In computing, plain text is a loose term for unformatted text or nontextual data represented as text (e.g. file contents) using printable characters (for example letters, digits, symbols, spaces, tabs, line breaks) in a character encoding. In principle, plain text can be in any encoding, but today usually implies UTF-8.

Plain text is different from formatted text, where style information is included; from structured text, where structural parts of the document such as paragraphs, sections, and the like are identified; and from binary files in which some portions must be interpreted as binary objects (encoded integers, real numbers, images, etc.).

Plain text is often used as a counterpiece to "binary" files: those in which at least some parts of the file cannot be correctly interpreted as text. For example, a file or string consisting of "hello", following by 4 bytes that express a binary integer that is supposed to be evaluated in a CPU representation like little endian, is a binary file.

Text files that do not represent anything but text in a character encoding have no indicator of encoding, no magic number, no special marker at the beginning and no metadata marking them as text in most file systems. However their file-names are often marked with .txt at the end by Windows users and other operating systems often assume unidentifiable files to be text.

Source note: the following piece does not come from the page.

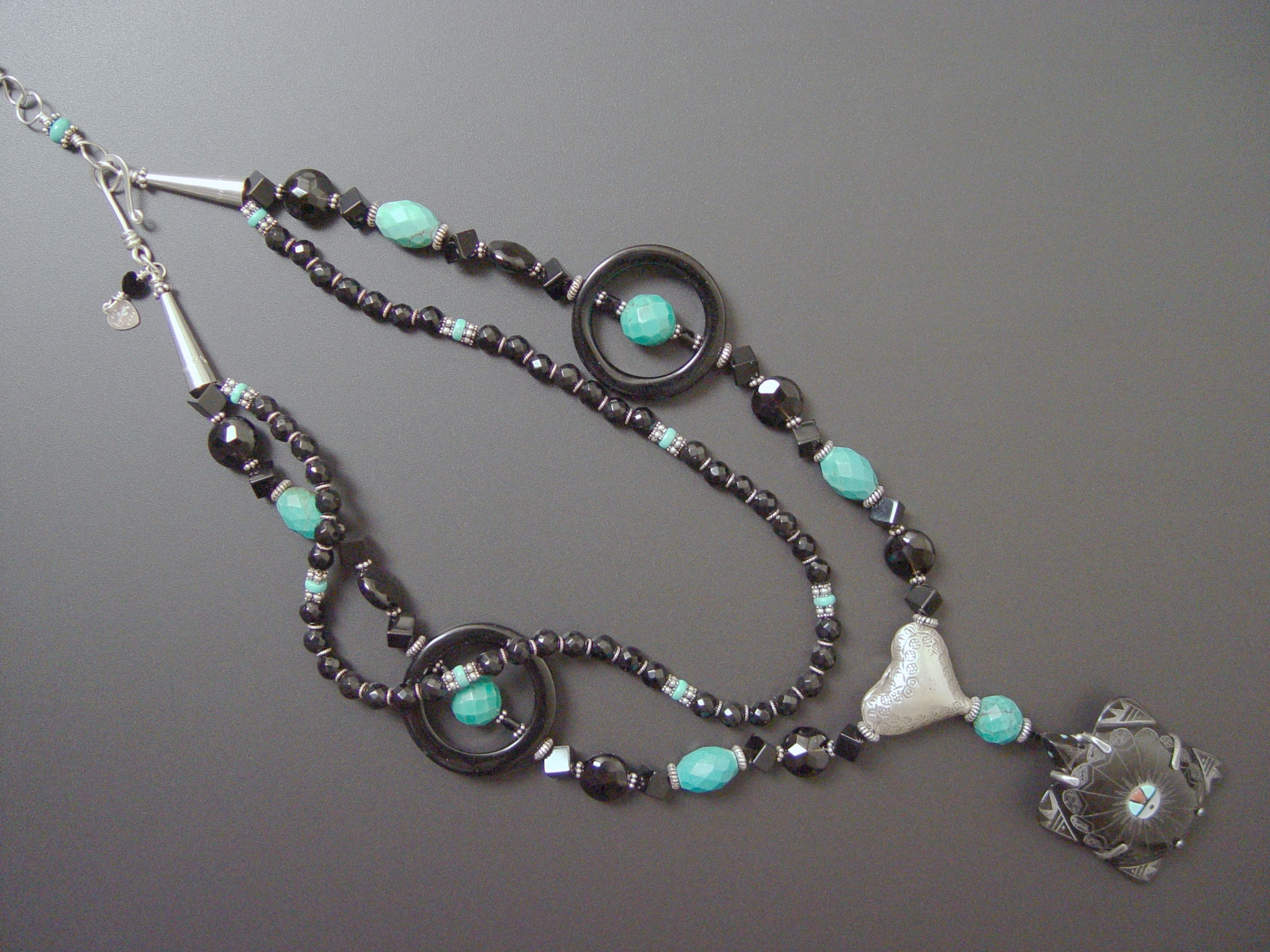 Sams and Carson give the turtle the attribute of Mother Earth. It seems very significant then that this sweet turtle has an inlaid Zuni sunface, bringing together in one the Mother and the Father. Unfortunately, as with the ubiquitous rainbird, it seems to be difficult to find a discussion about the symbol of the sunface. The Sun-father is, according to Cushing, revered as the "Holder of the Paths of Life."

However there is the MIME type "text/plain" that is used for transfer over the internet or between software components.

== Plain text and rich text ==
According to The Unicode Standard:
- "Plain text is a pure sequence of character codes; plain Unicode-encoded text is therefore a sequence of Unicode character codes.
- In contrast, styled text, also known as rich text, is any text representation containing plain text plus added information such as a language identifier, font size, color, hypertext links, and so on.
- SGML, RTF, HTML, XML, and TeX are examples of rich text fully represented as plain text streams, interspersing plain text data with sequences of characters that represent the additional data structures."

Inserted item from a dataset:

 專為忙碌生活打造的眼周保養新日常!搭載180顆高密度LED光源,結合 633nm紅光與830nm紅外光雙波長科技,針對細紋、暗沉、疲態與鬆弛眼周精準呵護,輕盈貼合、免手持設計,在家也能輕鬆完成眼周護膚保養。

According to other definitions, however, files that contain markup or other meta-data are generally considered plain text, so long as the markup is also in a directly human-readable form (as in HTML, XML, and so on). Thus, representations such as SGML, RTF, HTML, XML, wiki markup, and TeX, as well as nearly all programming language source code files, are considered plain text. The particular content is irrelevant to whether a file is plain text. For example, an SVG file can express drawings or even bitmapped graphics, but is still plain text.

The use of plain text rather than binary files enables files to survive much better "in the wild", in part by making them largely immune to computer architecture incompatibilities. For example, with all data encoded as UTF-8 text, all the problems of endianness can be avoided.

==Usage==

One purpose of using plain text today is independence from programs that require proprietary encodings or a file format. Plain text files can be opened, read, and edited with standard text editors and utilities.

A command-line interface allows people to give commands in plain text and get a response, also typically in plain text.

Many other computer programs are also capable of processing or creating plain text, such as countless programs in DOS, Windows, classic Mac OS, and Unix and its kin; as well as web browsers (a few browsers such as Lynx and the Line Mode Browser produce only plain text for display) and other e-text readers.

Plain text files are almost universal in programming; a source code file containing instructions in a programming language is almost always a plain text file. Plain text is also commonly used for configuration files, which are read for saved settings at the startup of a program.

Plain text is used for much e-mail.

A comment, a ".txt" file, or a TXT Record generally contains only plain text (without formatting) intended for humans to read.

==Encoding==

===Character encodings===

Before the early 1960s, computers were mainly used for number-crunching rather than for text, and memory was extremely expensive. Computers often allocated only 6 bits for each character, permitting only 64 characters—assigning codes for A-Z, a-z, and 0-9 would leave only 2 codes: nowhere near enough. Most computers opted not to support lower-case letters. Thus, early text projects such as Roberto Busa's Index Thomisticus, the Brown Corpus, and others had to resort to conventions such as keying an asterisk preceding letters actually intended to be upper-case.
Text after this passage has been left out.